PICASSO, by Frank Elgar and Robert Mailllard (315 pp.; Praeger; $5), is as ingenious as it is instructive. It follows the great Spaniard’s endlessly experimental career from boyish leanings on older masters to the unpredictable individualist of old age who still defies simple analysis. The book does this in parallel critical and biographical commentaries that are expertly illustrated by the pictures appropriate to each page. A valuable attempt and this year’s real bargain among art books.

FROM INCAS TO INDIOS, by Werner Bischof, Robert Frank and Pierre Verger (77 pp.; Universe; $ 10), and THE ANDES, by Claude Arthaud and François Hébert-Stevens (185 pp.; Vanguard; $12.50), contain some of the year’s best photographs. Peru and the Andes generally run to pure drama, in nature as in man.

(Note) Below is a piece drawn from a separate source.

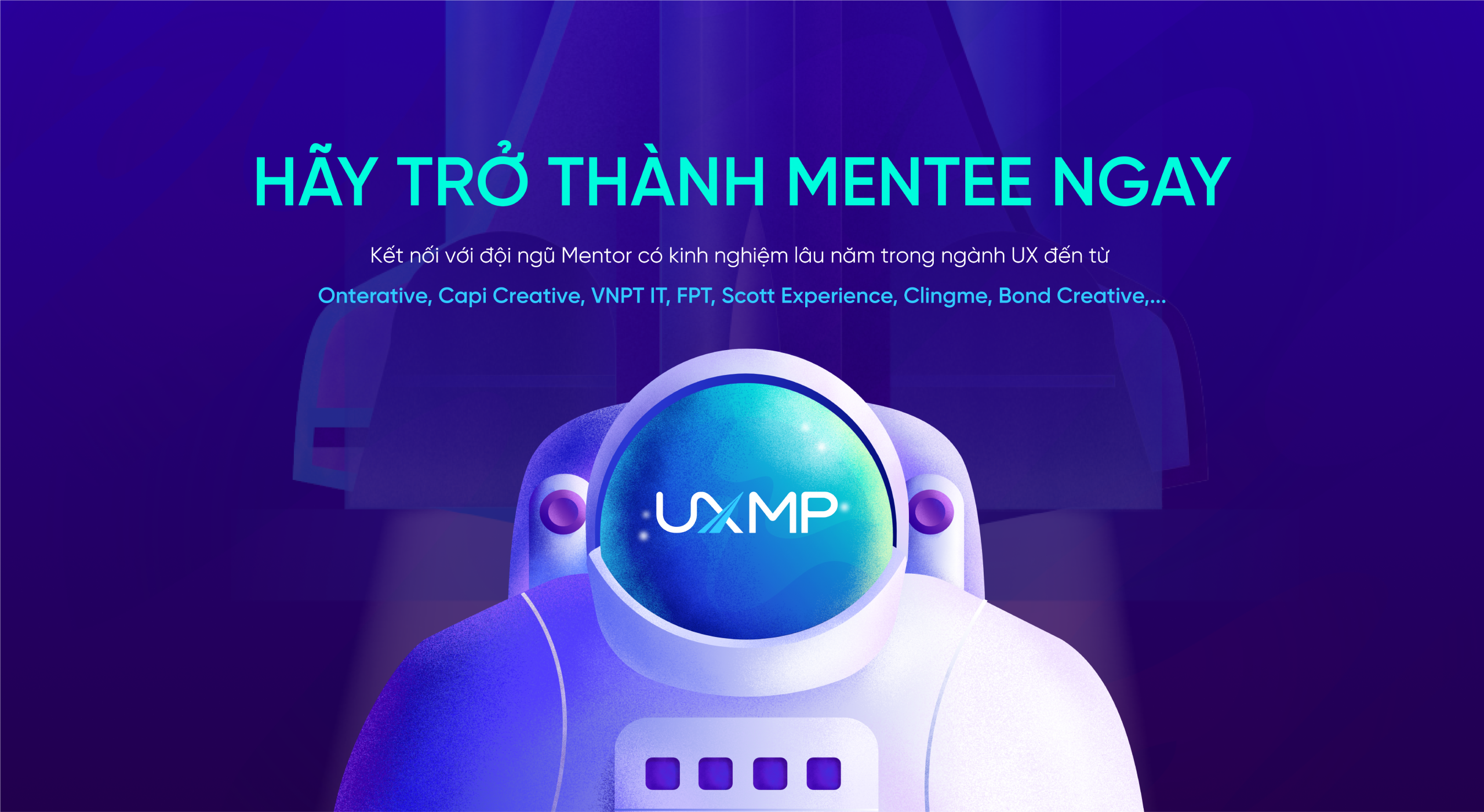 Với sự xuất hiện của lĩnh vực UX tại Việt Nam và sự phát triển không ngừng nghỉ của ngành này trên toàn cầu, giới trẻ Việt Nam đang đối mặt với nhiều thách thức và khó khăn khi tìm hướng đi đúng đắn trong sự nghiệp UX. Hiểu được điều đó, với hy vọng tạo ra một sân chơi và xây dựng một cộng đồng bền vững cho các bạn có đam mê, chung chí hướng về UX, UXMP (UX Mentorship Program) – Chương trình cố vấn UX đầu tiên tại Việt Nam ra đời. Đây là chuỗi hoạt động tư vấn và hỗ trợ hướng nghiệp UX bởi đội ngũ Mentor có kinh nghiệm lâu năm trong ngành, dành cho những đối tượng đang “mông lung” về công việc, có khao khát muốn tìm ra hướng đi đúng trong UX.
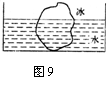 16.如图9所示,一块0℃的冰放在盛有0℃的水的容器中。已知冰块与容器底部相接触并相互间有压力,则当冰完全融化为0℃的水后.容器中水面的位置将( )

A child, an old woman, a street scene become as majestic in the work of these cameramen as the towering mountains.

LIVING DESERT and AFRICAN LION (73 pp. and 75 pp.; Simon & Schuster; each $10), are taken from the vivid True-Life films made by Walt Disney. These are some of the most exciting animal pictures ever made—the snake caught as he stalks his prey, the lynx brought to bay atop a towering cactus, the lion arrogantly sizing up his observer. For the text of Desert the line-up of writers includes such first-rate names as Marcel Aymé, Albert Camus, François Mauriac, André Maurois.

LORENZO GHIBERTI, by Richard Krautheimer (457 pp.; Princeton; $30), is probably the most thorough study yet made of Ghiberti, the great Florentine master in bronze. Like many an artist of his time (15th century), he was a canny businessman, a humanist of many interests. Recently, his claim to genius was further burnished when the bronze doors of the Baptistery in Florence were cleaned to let his massive skills shine forth. The variety and richness are dazzling: floral decorations of great delicacy, Biblical figures running a noble gamut of facial expressions, the metal exquisitely worked with a poet’s imagination.